■ What you have to do:
Each line below from the "同时,《青天井》还十分友好地" line through the "本网讯(文、图/余瑶)2月2" line, those two included, must be restated word for word; the pictures must not be.

■ Supplied records:
+++

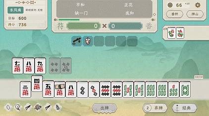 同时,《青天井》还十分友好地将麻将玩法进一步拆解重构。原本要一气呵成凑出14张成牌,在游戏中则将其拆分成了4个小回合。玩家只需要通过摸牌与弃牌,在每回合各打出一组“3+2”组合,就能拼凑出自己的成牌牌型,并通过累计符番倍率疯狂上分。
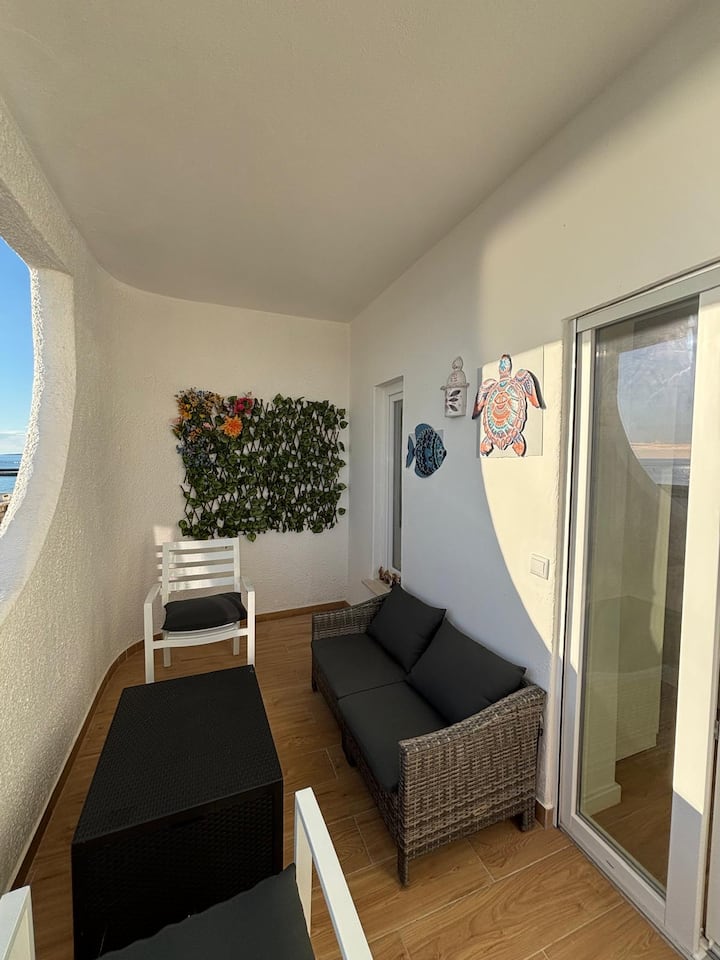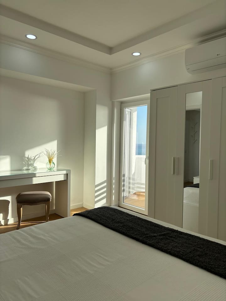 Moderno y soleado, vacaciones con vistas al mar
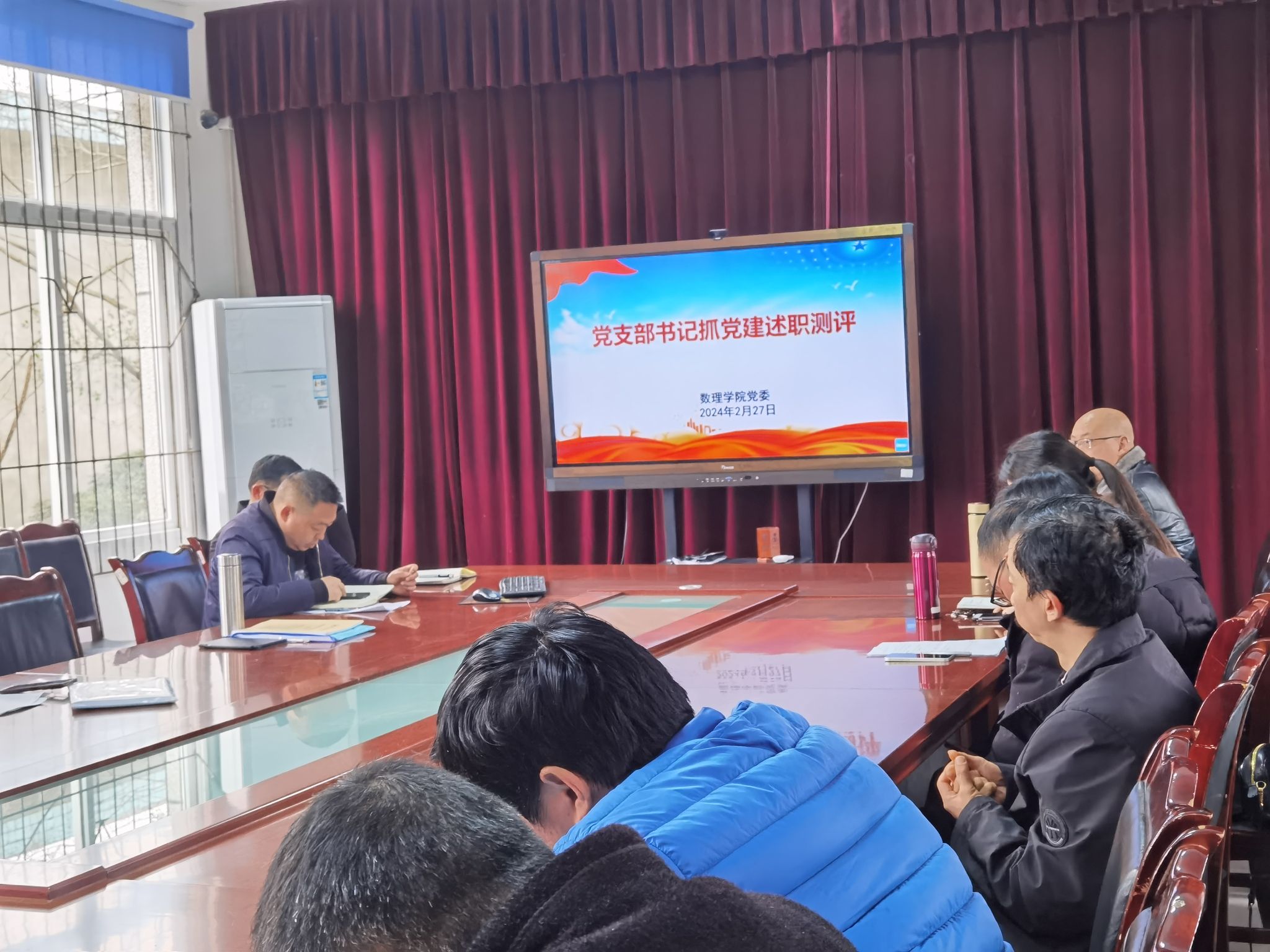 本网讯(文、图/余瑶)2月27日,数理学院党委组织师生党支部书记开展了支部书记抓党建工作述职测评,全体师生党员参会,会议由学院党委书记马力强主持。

+++

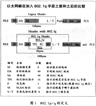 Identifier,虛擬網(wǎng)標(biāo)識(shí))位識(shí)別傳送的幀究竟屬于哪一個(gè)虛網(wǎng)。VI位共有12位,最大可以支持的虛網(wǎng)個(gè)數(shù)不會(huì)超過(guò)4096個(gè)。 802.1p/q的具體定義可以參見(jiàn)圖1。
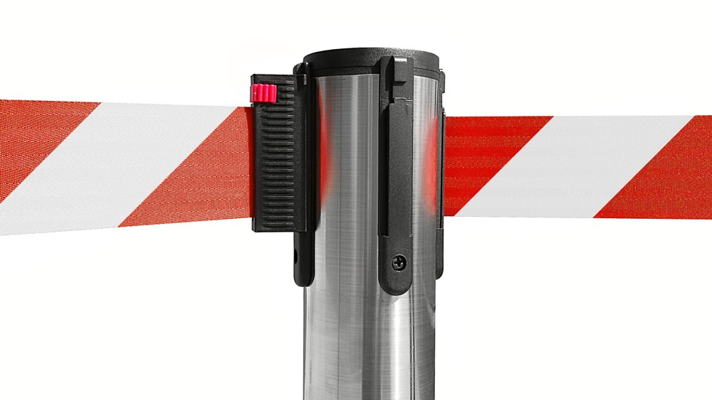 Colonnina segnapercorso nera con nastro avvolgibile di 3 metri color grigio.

+++

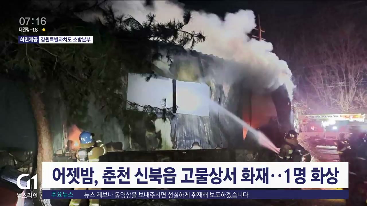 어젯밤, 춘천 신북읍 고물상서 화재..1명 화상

+++

■ Task answer:
 同时,《青天井》还十分友好地将麻将玩法进一步拆解重构。原本要一气呵成凑出14张成牌,在游戏中则将其拆分成了4个小回合。玩家只需要通过摸牌与弃牌,在每回合各打出一组“3+2”组合,就能拼凑出自己的成牌牌型,并通过累计符番倍率疯狂上分。
 Moderno y soleado, vacaciones con vistas al mar
 本网讯(文、图/余瑶)2月27日,数理学院党委组织师生党支部书记开展了支部书记抓党建工作述职测评,全体师生党员参会,会议由学院党委书记马力强主持。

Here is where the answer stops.